Statement From Native American Rights Fund, Alaska Office

While tribes across the country are celebrating the passage of the Violence Against Women Act (VAWA) today, many of Alaska’s tribes are angry that they have been excluded from the benefits of the Act. Section 910, called the “Special Rule for the State of Alaska” specifically states that sections 904 and 905, the domestic violence jurisdiction and civil protection order provisions respectively, shall not apply in Alaska. Since Alaska is home to 229 tribes in the United States, these new tribal provisions now exclude over 40% of all the tribes in the United States.

Almost 100 tribes in Alaska had opposed this exclusion. The Association of Village Council Presidents (AVCP), representing 56 tribes, and the Aleut Community of St. Paul Island (ACSPI) had both issued very clear and direct press releases opposing the Alaska exclusion. The Tanana Chiefs Conference (TCC), representing 37 tribes, also opposed the Alaska exclusion. Taken together, this represents one sixth of the tribes in the United States that demanded the Alaska exclusion be removed. Senator Lisa Murkowski, who authored the Alaska exclusion apparently at the urging of the Alaska Attorney General’s office, rebuffed all requests to remove the exclusion.

“We are tired of the separate but equal treatment that Alaska tribes receive from courts and Congress,” said NARF Staff Attorney Natalie Landreth. “They are tribes just like tribes in the Lower 48 and they are entitled to be treated like all other tribes. These exclusions, which have found their way into numerous bills over the years, say to Alaska’s tribes that they are different and lesser than other tribes. In the case of VAWA, it means that Alaska Native women are less deserving of protection, less important. I find that unconscionable.” The statistics from the AVCP region alone are staggering:

  • Statistically, at least 51 out of every 100 Native women are the victims of sexual
  • It can be cost-prohibitive for a victim of domestic violence to leave the community airfare can cost up to $800 round trip, depending upon the village.
  •  It can take law enforcement up to 24 hours to respond to emergency calls, depending upon weather.
  •  The closest state court is in Bethel, accessible only by air, boat or snow machine.

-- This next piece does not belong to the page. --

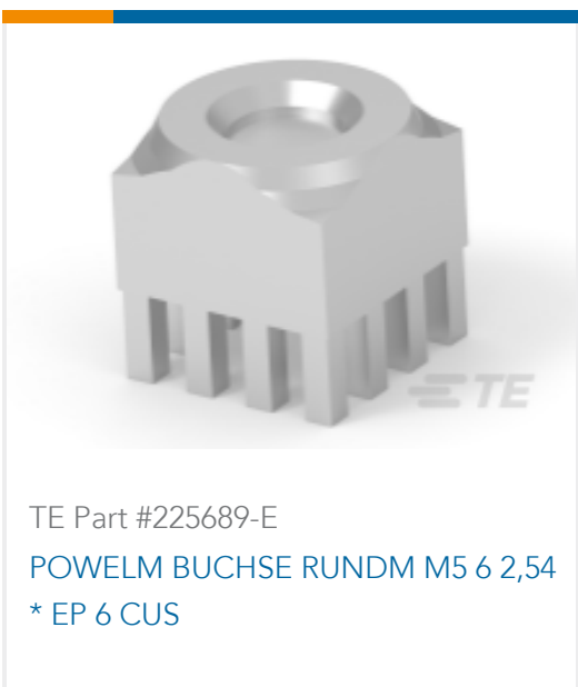
TE Part #225689-E POWELM BUCHSE RUNDM M5 6 2,54 * EP 6 CUS

“I am also not persuaded by the response that this has something to do with the Venetiecase and land
status,” continued Landreth. “It doesn’t. Jurisdiction depends upon several factors like the people
and interest involved. Land status is not determinative, especially for civil jurisdiction.”


Responses

  1. I’m planning on sending this to every single one of my neo-con relatives who constantly insist that my claim that racism is alive and well in the U.S. is the result of ‘liberal propaganda’, as opposed to personal experience, and the fact that we have crap like THIS still happening in the 21st century.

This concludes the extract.